“The Fallout” Review: Jenna Ortega and Maddie Ziegler Explore Queerness and Trauma Together

Vada, the lead of The Fallout, played by budding star Jenna Ortega, is just a normal high schooler. She listens to music way too loud in the car with her best friend, Nick, and they stop for Starbucks when they’re already running late for school. She has a little sister who adores her and talks like Kitty Covey. She jokes about poops. It’s all a normal day in a normal life, until it’s not.

When the sound of gunfire rips through the hallway of Vada’s high school, she gets trapped in the bathroom with Mia (played by Maddie Ziegler of Dance Moms and bad Sia movie fame), an Instagram-famous dancer. Before the shots rang out, Vada was texting her best friend, making fun of Mia. But that was two minutes ago, back when things were normal. Now, the girls wait out the attack in one toilet stall together, potentially the last person the other will ever see.

Jenna Ortega and Maddie Ziegler in a pool in a still from The Fallout

It’s to the film’s credit that we never see any of the shooting, can only sit in terror just like the girls — waiting as they are to find out what will be decided about their fate. It’s a horribly effective choice, one that made me jump out of my skin when the door to the bathroom slams open and the two girls are joined by a boy, Quinton, covered in blood — he says it was his brother’s, and Mia pukes directly into the toilet bowl, onto the fancy shoes she dumped in there to hide better.

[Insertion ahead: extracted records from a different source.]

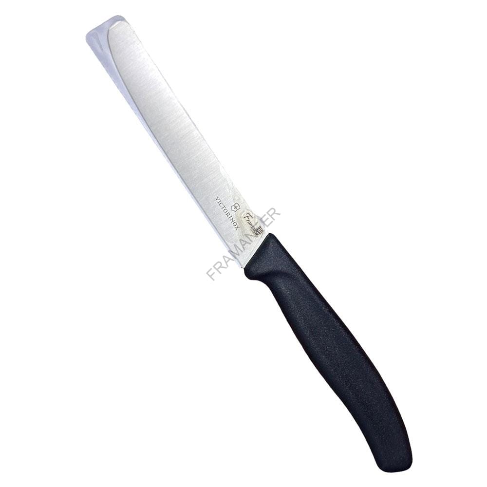 Coltello liscio modello tavola punta tonda da 11cm della Victorinox fornito già affilato dunque va solamente lavato prima di poterlo utilizzare.
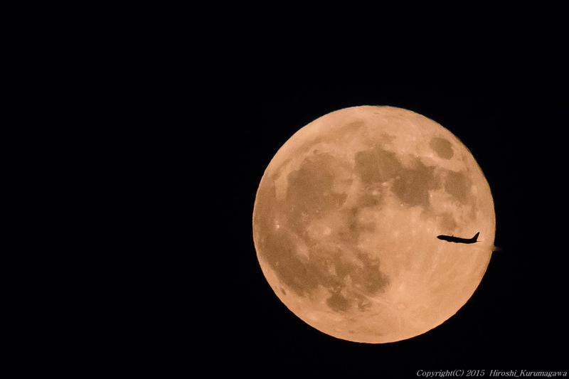 Super moon 2015.09.30 c.羽田空港 最近になって聞くようになった言葉スーパームーン 欧州では皆既月食にもなったらしい この業界では皆が天を仰いでいたので、このような作品は溢れている 単に月を射抜くだけではダメなのだ これは新しく加わったCanon 7Dmark2 + 100-400mm で撮影しトリミングしたもの 手持ちでの撮影だ
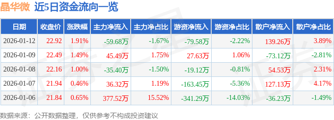 证券之星消息,截至2026年1月12日收盘,晶华微(688130)报收于22.92元,上涨1.91%,换手率2.59%,成交量1.56万手,成交额3581.19万元。
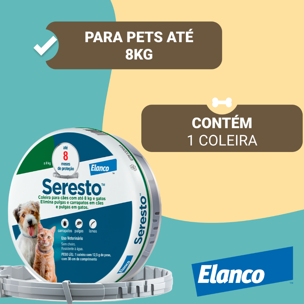 Coleira Seresto Antipulgas Para Cães E Gatos Até 8kg
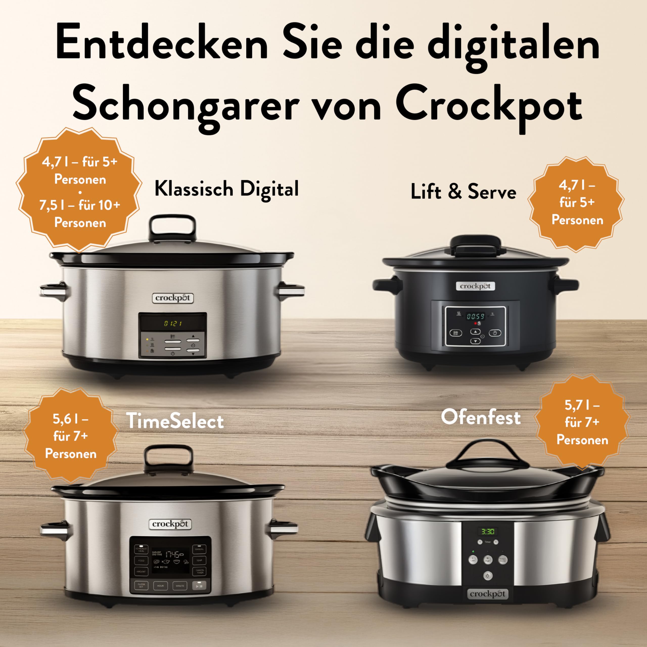 Mit diesem extra grossen digitalen Crockpot Schongarer können Sie köstliche Gerichte für die ganze Familie zubereiten oder Ihre Freunde zu einer Dinnerparty einladen. Das extra grosse Fassungsvermögen von 7,5 l ist ideal für grössere Familien und Dinner. Durch die dunkle Edelstahloberfläche mit gebürsteter Metalloptik ist der Schongarer ein stilvolles Element für jede Küche. Mit nur kurzer Vorbereitung übernimmt der Crockpot das Kochen, damit Sie Zeit für Ihre alltäglichen Aufgaben und mehr Zeit für Ihre Familie und Ihre Freunde haben. Wählen Sie die Temperatureinstellung (hoch oder niedrig) passend zum jeweiligen Gericht und legen Sie mit den One-Touch-Timer-Funktionen die gewünschte Kochzeit fest. Nach dem Kochen wechselt der Schongarer automatisch in die Warmhaltefunktion.
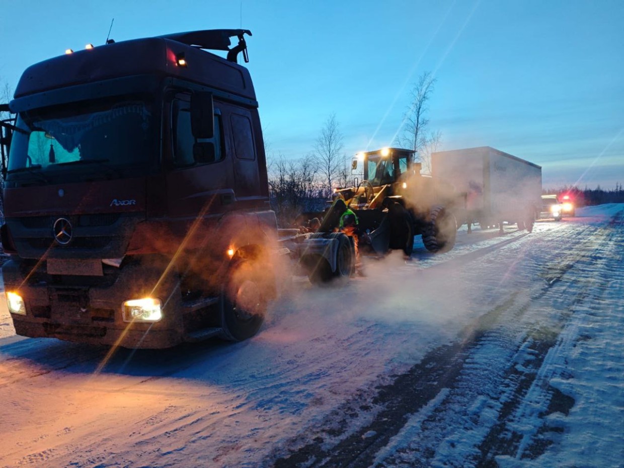 Инспекторы ГИБДД спасли замерзающего дальнобойщика с отказавшими тормозами в Якутии
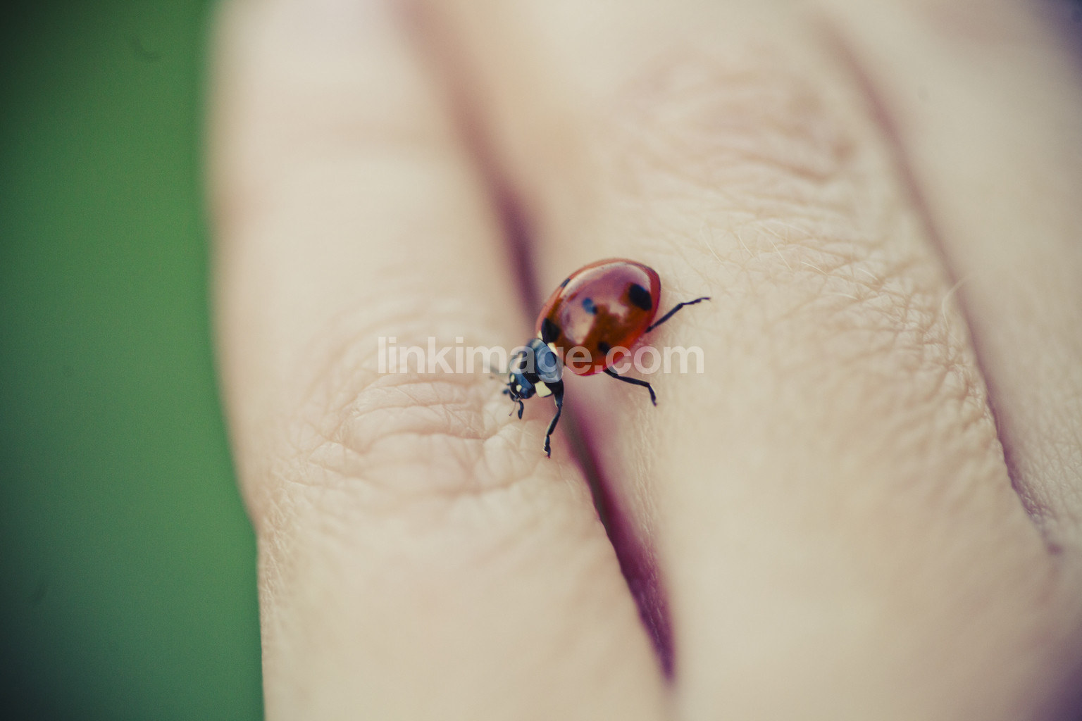 hand, macro, close, meadow, summer, ladybug, spotted, red, climb, fingers, finger
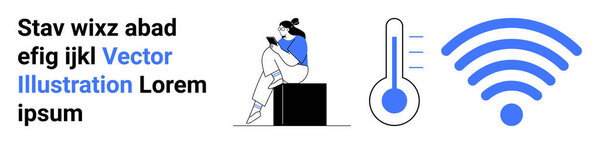 777464124 Young woman with smartphone seated against cube, large thermometer icon, wireless signal symbol, placeholder text. Ideal for technology, connectivity, communication, reading, information
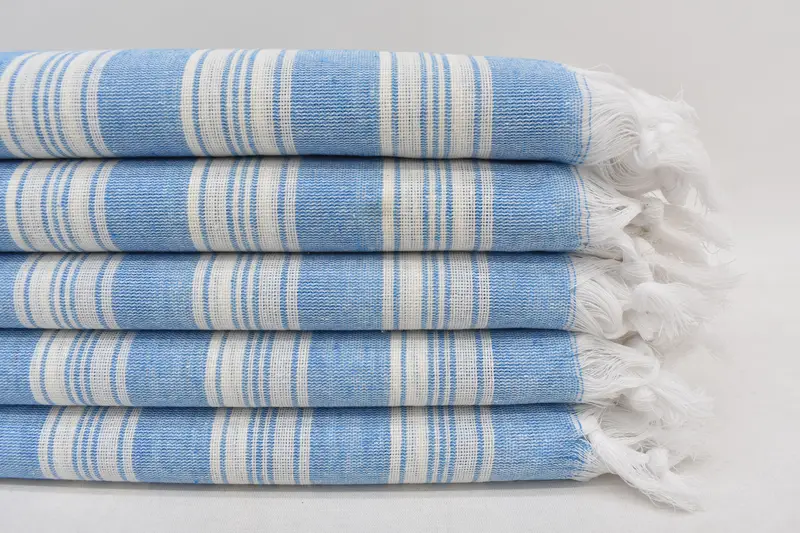 Turkish cotton towels ensure superior absorbency and a soft texture, derived from 100% natural cotton. The dimensions span 66" x 40" inches (170cm x 100cm) with a tolerance of up to 2.5cm, weighing between 7-10 ounces (200-300 grams). Hand-weaving may result in slight variations in size.

The rest of the film, as the title suggests, is about what happens after. Vada withdraws from her family, from Nick (whose reaction to the shooting is to campaign for more gun reform, including appearances on major news networks), and from school. The choice to shoot a lot of the film in close-up is also horribly effective: Vada’s whole world is in pieces. Her only solace is in texting Mia, who reached out after the attack and seems just as numbed out as Vada.

The two girls have nothing in common, except for literally the most important thing to ever happen to them, and they cling to each other for that reason. With Mia, Vada can just be — no one is asking her to be okay, no one is telling her how strong she is or what a terrible thing happened to her. Mia knows. Mia was there. With Mia, in her fancy huge house with no parental supervision, Vada can drink and smoke weed and even crack some truly hilarious jokes.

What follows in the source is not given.